Location
- 28°03′52″N 82°23′27″W﻿ / ﻿28.06444°N 82.39083°W

Information
- Former name: Islamic Academy of Florida (1992–2004)
- Established: 1992; 34 years ago
- Founder: Sami Al-Arian and others
- Grades: PK–12
- Enrollment: c. 1200 (2023)
- Website: www.ayatampa.org

= American Youth Academy =

Islamic school in Florida, United States

American Youth Academy, previously the Islamic Academy of Florida, is a PreK–12 Islamic school in Tampa, Florida, United States, located in Temple Terrace (as of 2006).

==History==
The school was established in 1992.

Sami Al-Arian and others established the Islamic Academy of Florida. The school's students received scholarships from corporations, facilitated by the state of Florida. In February 2003 a grand jury in the United States federal legal system indicted Al-Arian on criminal charges related to terrorism. In July of that year the corporations ended their scholarships. Therefore, the original Islamic Academy sought a rebrand.

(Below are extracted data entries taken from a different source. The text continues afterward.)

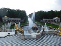 Anschließend begann mit dem Besuch der Eremitage der kunsthistorischen Höhepunkt der Reise, denn schließlich ist sie eine der drei größten Kunstsammlungen überhaupt, auch qualitativ. Anschließend wartete mit Peterhof die nach dem Vorbild von Versailles als Sommerschloss erbaute Palastanlage. Sie begeistert vor allem durch die imposanten Wasserspiele mit zahlreichen vergoldeten Figuren, die die größte geschlossene Brunnenanlage der Welt bilden. Leider ging ein Gewitter über die Gegend, das von einigen Schauern begleitet wurde, doch trotzdem ließen wir uns die Führung nicht vergällen. Das Funkeln der Fontänen und der vergoldeten mythologischen Figuren, dazu im Hintergrund die Ostsee- einen schöneren Abschluss der Tage in Petersburg kann man sich kaum vorstellen.Sonnabend, den achten Juni - Von Russland nach Finnland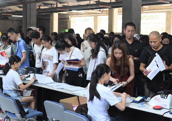 金秋九月,丹桂飘香。9月7日,来自全国各地的1900余名2017级本科、研究生新同学,在虎溪校区的多功能厅完成报到、注册等入学流程。迎新现场人头攒动,气氛热烈,新同学们怀揣着对未来的期待与向往,从此展开大学生活的新画卷。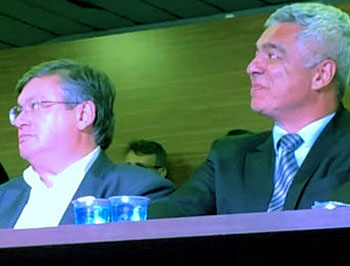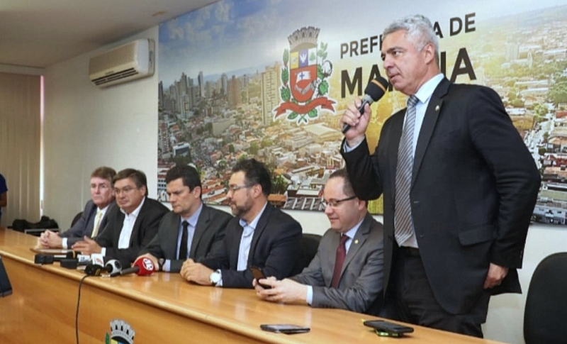 Major Olimpio (ao lado do prefeito Daniel) durante visita a Marília, em agosto do ano passado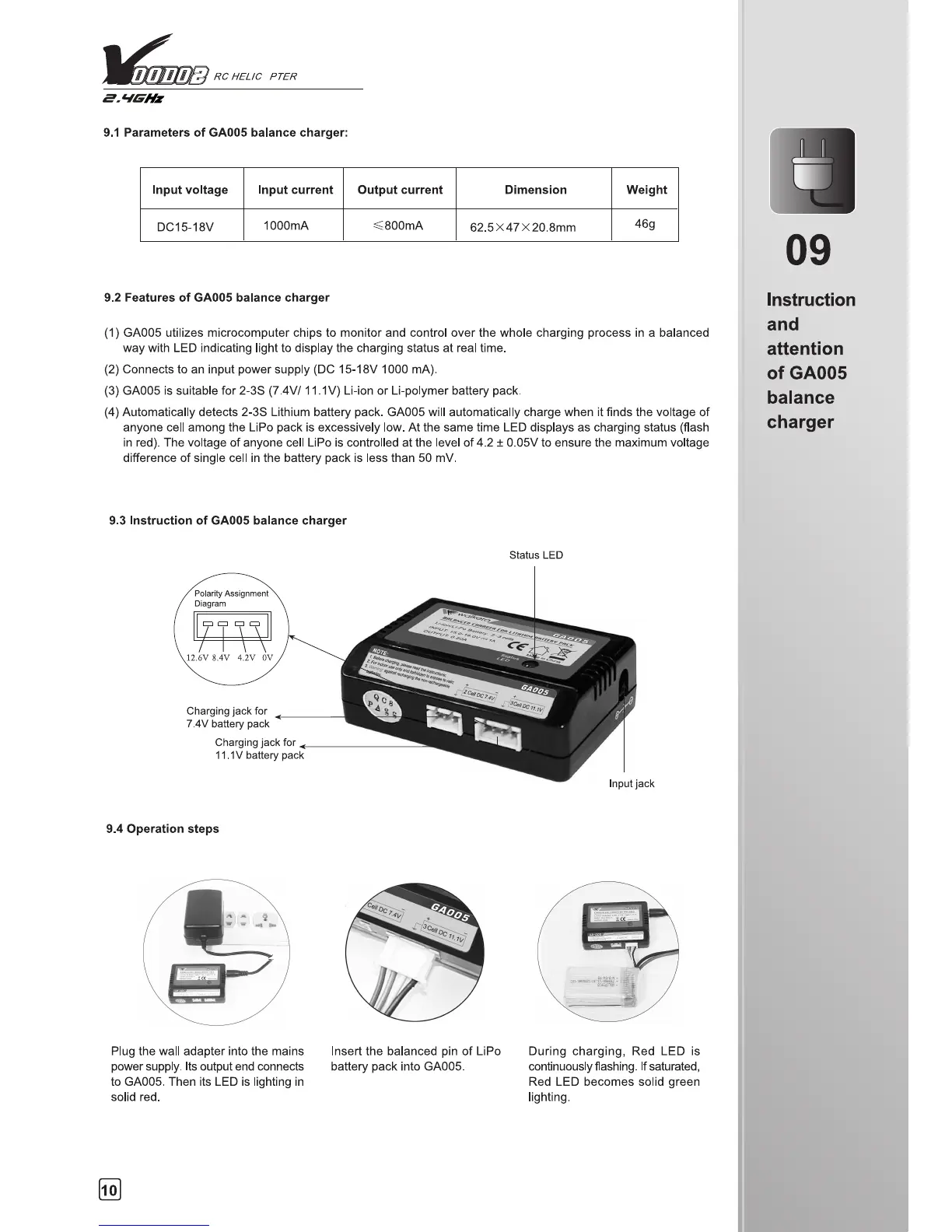 Walkera V400D02 - Instruction and Attention of GA005 Balance Charger; Features of GA005 Balance Charger; Operation Steps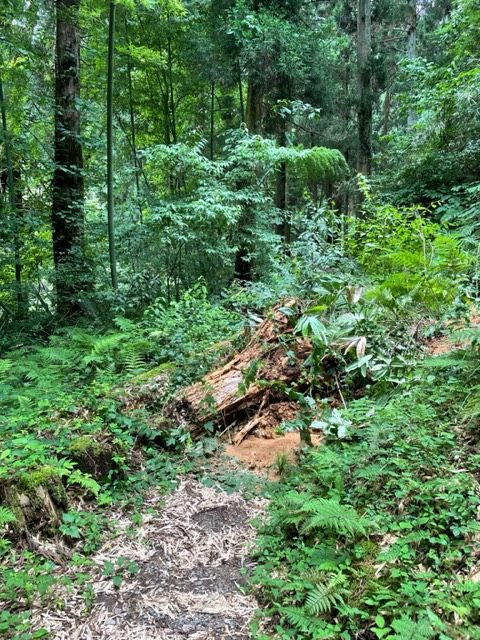 一ノ丸に戻り、二の丸へと向かいました。少し進むと、大木が大雨の影響で倒れていました。
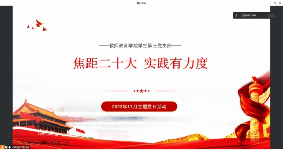 2022年11月10日,学生第三党支部开展了“焦距二十大 实践有力度”主题党日活动。会议由支部书记冯梅老师主持,全体党员参加。

In August 2003 Islamic Academy failed to negotiate a merger with Universal Academy of Florida, the other area Islamic school. In January 2004 the board of the Islamic Academy decided to dissolve the school. A new board was formed for American Youth Academy, which took the Islamic Academy equipment and began renting the Islamic Academy building after Islamic Academy dissolved in May 2004. Most of the students stayed on at AYA. Magda Saleh, former principal of Universal Academy, became the principal of AYA. Corporations began giving scholarships to AYA students, though the scholarships did not entirely cover the tuition.

==Student body==
In the mid-2000s the school had around 200 students. Students came from Hillsborough, Manatee, Pasco, Polk, and Sarasota counties. In many of those counties there were no Islamic schools, so Muslim parents in those counties enrolled their children in AYA. As of 2023, American Youth Academy has 1200 students.